Horowitz’s monograph, Reckless Rites: Purim and the Legacy of Jewish Violence (2006), was a runner-up for the National Jewish Book Award. The book brought together his enduring scholarly curiosity about violence and the carnivalesque with an ethical concern for the way in which religion can be used and abused.

In 2014 Horowitz took early retirement and was appointed to the Oliver Smithies Visiting Fellowship at Balliol College, Oxford for the academic year 2015-6.

== Bibliography ==
===Books===
- Horowitz, Elliott S. (2006). Reckless Rites: Purim and the Legacy of Jewish Violence. Princeton, N.J.: Princeton University Press. ISBN 9780691124919. (Choice Outstanding Academic Titles for 2006, Runner-up for National Jewish Book Award for Jewish History 2006, Short-listed for Choice Magazine Outstanding Reference/Academic Book Award 2006)
  - Review by Goldberg SA. Annales. Histoire, Sciences Sociales 2012 Sep (Vol. 67, No. 3, pp. 823–827). Cambridge University Press. Review, by Kessler E. in Studies in Christian-Jewish Relations. 2008;2(2).
  - Review of Reckless Rites and related books.
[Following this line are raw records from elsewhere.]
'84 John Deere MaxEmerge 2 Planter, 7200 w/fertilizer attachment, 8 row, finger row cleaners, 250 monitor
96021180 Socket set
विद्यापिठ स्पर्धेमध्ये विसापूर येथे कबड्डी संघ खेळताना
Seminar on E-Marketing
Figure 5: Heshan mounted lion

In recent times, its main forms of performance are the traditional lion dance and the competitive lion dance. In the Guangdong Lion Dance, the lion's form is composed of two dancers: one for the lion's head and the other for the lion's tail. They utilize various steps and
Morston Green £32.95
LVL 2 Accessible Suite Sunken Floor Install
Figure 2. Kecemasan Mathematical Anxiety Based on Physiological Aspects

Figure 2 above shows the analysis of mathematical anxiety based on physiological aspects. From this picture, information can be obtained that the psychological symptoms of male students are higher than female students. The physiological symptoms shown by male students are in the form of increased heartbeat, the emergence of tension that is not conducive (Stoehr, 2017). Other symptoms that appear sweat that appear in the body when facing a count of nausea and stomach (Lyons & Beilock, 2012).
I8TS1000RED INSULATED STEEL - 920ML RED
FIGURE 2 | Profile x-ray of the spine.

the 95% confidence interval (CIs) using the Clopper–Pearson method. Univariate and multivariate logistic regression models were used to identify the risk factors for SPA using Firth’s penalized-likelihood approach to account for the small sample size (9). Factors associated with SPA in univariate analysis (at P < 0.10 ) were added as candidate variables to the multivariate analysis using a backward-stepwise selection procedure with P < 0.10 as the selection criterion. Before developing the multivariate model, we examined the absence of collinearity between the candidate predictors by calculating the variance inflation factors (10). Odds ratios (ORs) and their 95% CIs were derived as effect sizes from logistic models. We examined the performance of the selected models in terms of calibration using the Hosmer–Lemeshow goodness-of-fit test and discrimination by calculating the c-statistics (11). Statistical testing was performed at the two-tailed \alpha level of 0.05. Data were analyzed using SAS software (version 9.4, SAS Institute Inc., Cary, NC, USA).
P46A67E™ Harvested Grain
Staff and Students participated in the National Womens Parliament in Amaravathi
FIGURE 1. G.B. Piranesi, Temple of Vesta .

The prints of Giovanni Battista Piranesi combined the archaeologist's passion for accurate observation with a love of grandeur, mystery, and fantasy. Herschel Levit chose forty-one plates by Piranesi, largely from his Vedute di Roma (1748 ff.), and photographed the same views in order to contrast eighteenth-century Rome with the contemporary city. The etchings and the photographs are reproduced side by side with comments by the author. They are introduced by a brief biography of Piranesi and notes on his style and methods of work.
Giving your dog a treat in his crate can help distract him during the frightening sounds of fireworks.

Magid, Shaul. Jews, Christians, and Muslims from the Ancient to the Modern World.) Princeton, NJ: Princeton University Press 2006.
- Horowitz, Elliott S., and Orfali, Moises (2002). The Mediterranean and the Jews: Society, Culture, and Economy in Early Modern Times. Ramat-Gan: Bar-Ilan University Press.

===Selected articles===
- Horowitz, E.S. (1989). "Coffee, Coffee Houses, and the Nocturnal Rituals of Early Modern Jewry".
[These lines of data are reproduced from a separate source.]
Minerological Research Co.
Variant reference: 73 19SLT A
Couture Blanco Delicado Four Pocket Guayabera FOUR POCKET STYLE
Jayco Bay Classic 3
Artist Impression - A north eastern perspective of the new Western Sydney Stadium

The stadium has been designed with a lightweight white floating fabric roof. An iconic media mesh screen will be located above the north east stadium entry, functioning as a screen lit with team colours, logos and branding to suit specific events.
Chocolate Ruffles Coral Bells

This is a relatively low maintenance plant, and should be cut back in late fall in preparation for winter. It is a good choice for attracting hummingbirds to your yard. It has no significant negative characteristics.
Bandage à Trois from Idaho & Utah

- Horowitz, E.S. (1989). "The Eve of the Circumcision: A Chapter in the History of Jewish Nightlife". Journal of Social History. 23, no. 1: 45-70.
- Cohen E, Horowitz E. (1990). "In Search of the Sacred: Jews, Christians and Rituals of Marriage in the Later Middle Ages". Journal of medieval and Renaissance studies. 20(2):225-49.
- Horowitz E.S. (1999). "Too Jewish and other Jewish questions: a review essay". Modern Judaism. 19(2):195-206.
- Horowitz, E. (1992). "‘A Different Mode of Civility’: Lancelot Addison on the Jews of Barbary". Studies in Church History. 29:309-25.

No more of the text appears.